In Großbritannien kann nicht nur in Wahllokalen wie etwa in Schulen, Kirchen und Gemeinden gewählt werden. Auch in Kneipen, Bauernhöfen und in Waschsalons können die Wähler ihr Kreuz setzen. Die Wahlbeteiligung lag im Jahr 2015 bei 66 Prozent.

+++ Die letzten Umfragewerte +++

Das letzte Ergebnis einer Wählerumfrage hat eine klare Tendenz für die Konservativen gezeigt. Es wird spannend, was die ersten Hochrechnungen ergeben werden. Das endgültige Wahlergebnis wird am Freitag feststehen.

+++ Letzter Wahlaufruf von Jeremy Corbyn +++

Der Kandidat der Labour Partei ruft 30 Minuten vor Schließung der Wahllokale nochmals die britische Bevölkerung zum Wählen auf.

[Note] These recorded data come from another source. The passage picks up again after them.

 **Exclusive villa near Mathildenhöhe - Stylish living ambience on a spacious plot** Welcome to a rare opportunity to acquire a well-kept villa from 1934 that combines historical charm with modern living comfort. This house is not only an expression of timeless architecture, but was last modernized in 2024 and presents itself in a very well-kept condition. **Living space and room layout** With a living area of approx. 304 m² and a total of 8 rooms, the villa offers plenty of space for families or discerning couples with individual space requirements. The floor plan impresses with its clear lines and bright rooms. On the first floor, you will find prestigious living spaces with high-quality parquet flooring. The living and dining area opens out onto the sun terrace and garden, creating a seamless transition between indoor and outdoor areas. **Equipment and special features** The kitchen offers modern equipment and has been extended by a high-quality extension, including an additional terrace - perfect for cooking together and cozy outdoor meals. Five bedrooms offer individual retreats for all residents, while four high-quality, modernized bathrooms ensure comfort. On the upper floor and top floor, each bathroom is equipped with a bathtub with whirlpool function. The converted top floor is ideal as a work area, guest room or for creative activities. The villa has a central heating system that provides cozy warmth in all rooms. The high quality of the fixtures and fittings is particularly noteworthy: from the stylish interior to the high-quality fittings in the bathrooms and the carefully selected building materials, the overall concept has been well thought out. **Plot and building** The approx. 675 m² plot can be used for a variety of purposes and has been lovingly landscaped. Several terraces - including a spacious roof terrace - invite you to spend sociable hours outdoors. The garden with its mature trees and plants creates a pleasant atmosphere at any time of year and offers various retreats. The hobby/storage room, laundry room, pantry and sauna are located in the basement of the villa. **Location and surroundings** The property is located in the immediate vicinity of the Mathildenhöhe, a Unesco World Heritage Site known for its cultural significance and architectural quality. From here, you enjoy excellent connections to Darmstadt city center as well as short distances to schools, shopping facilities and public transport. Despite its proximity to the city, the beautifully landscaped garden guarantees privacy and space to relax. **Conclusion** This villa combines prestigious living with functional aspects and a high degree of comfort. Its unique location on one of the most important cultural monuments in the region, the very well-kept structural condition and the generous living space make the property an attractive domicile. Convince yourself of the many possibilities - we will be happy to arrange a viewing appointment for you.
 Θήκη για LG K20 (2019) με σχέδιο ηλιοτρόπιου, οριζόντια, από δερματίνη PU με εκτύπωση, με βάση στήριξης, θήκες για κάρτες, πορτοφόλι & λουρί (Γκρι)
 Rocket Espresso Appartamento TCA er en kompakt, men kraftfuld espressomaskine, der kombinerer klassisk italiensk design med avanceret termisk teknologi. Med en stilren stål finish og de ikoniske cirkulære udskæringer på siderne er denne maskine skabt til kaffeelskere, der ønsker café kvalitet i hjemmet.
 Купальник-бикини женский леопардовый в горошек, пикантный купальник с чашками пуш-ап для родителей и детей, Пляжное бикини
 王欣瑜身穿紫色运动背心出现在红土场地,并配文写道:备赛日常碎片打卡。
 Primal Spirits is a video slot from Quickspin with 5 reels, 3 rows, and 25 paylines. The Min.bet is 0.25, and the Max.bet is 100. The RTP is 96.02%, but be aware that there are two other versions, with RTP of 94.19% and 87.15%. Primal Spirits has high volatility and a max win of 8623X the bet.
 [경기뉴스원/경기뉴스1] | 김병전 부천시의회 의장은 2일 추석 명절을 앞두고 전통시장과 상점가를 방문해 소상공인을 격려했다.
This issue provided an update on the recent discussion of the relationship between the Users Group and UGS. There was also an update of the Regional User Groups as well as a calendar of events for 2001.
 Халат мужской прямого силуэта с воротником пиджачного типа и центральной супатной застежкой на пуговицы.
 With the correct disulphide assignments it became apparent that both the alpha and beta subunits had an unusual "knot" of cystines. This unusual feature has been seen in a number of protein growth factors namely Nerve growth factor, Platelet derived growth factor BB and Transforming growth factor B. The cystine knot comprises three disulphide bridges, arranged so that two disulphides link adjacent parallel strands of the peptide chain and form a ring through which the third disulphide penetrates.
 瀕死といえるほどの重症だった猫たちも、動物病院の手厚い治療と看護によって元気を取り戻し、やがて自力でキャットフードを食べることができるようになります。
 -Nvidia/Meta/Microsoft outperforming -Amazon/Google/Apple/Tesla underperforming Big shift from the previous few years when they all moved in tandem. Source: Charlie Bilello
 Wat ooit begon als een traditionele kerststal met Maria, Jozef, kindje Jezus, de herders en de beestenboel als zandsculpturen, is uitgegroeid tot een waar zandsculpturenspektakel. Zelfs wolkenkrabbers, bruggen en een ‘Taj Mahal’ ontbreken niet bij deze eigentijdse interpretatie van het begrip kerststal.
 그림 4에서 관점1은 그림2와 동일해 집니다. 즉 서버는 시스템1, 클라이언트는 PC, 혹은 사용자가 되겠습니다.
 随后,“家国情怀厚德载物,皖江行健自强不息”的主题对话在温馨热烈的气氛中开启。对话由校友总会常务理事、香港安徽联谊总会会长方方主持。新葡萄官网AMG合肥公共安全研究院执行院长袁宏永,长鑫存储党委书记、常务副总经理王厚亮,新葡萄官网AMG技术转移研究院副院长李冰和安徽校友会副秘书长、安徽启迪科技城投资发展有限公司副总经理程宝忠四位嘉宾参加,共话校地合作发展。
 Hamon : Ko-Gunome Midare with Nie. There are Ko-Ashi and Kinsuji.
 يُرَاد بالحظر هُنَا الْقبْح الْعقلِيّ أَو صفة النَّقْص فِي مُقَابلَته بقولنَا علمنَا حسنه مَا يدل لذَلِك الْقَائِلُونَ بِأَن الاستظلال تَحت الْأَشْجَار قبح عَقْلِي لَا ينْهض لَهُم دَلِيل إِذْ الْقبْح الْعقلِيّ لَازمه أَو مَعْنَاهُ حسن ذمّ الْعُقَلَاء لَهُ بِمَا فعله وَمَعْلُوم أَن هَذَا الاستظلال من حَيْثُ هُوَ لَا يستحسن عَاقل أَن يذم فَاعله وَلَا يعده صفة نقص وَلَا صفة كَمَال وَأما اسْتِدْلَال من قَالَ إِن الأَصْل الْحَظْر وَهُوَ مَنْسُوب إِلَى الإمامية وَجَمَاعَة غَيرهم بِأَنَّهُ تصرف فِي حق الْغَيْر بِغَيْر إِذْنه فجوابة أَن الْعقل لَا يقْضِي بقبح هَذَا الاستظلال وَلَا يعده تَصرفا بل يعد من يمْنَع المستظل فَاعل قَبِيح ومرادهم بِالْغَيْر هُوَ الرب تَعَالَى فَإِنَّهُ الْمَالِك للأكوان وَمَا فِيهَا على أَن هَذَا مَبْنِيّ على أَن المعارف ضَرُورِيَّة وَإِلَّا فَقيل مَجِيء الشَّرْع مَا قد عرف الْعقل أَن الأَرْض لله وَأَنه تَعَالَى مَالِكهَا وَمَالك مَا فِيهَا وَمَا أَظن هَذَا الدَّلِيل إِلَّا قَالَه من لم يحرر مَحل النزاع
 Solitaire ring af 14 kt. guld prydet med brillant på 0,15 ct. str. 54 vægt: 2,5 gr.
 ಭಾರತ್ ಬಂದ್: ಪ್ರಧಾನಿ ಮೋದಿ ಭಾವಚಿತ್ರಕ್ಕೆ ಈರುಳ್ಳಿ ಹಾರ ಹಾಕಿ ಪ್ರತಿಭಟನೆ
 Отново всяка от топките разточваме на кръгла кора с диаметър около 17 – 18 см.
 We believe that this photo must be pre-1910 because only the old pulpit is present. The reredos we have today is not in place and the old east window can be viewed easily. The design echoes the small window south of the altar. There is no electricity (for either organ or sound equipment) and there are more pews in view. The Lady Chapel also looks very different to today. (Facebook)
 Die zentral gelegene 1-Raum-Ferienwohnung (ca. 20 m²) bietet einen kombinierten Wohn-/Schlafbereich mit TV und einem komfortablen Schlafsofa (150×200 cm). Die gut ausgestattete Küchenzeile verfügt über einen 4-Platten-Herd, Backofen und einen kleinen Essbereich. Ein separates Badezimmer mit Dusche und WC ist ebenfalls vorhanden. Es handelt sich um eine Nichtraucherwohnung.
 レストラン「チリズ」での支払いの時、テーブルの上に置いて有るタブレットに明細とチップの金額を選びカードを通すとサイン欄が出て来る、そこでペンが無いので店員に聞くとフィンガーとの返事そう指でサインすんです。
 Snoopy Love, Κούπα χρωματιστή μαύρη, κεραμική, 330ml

+++ Das Ergebnis der ersten Hochrechnungen +++

Nach ersten Prognosen hat Theresa May die Wahl mit einer knappen Mehrheit gewonnen. Die Tories ziehen mit 314 Sitzen ins Parlament ein, berichtet die BBC. Zuvor hatten die Conservatives rund um May 330 Sitze im Unterhaus inne. Die Premierministerin hat durch die beantragte Neuwahl Einfluss im Parlament verloren.

+++ Die offiziellen Ergebnisse +++

Die Konservativen haben bei einer Auszählung fast aller 650 Wahlkreise keine Chance mehr, die 326 Sitze zu erreichen, die für die absolute Mehrheit notwendig sind. Das berichtet die BBC. Entsprechend haben die Tories nach einer Auswertung von 643 Wahlkreisen insgesamt 313 und die Labour Partei 260 Sitze erreicht. 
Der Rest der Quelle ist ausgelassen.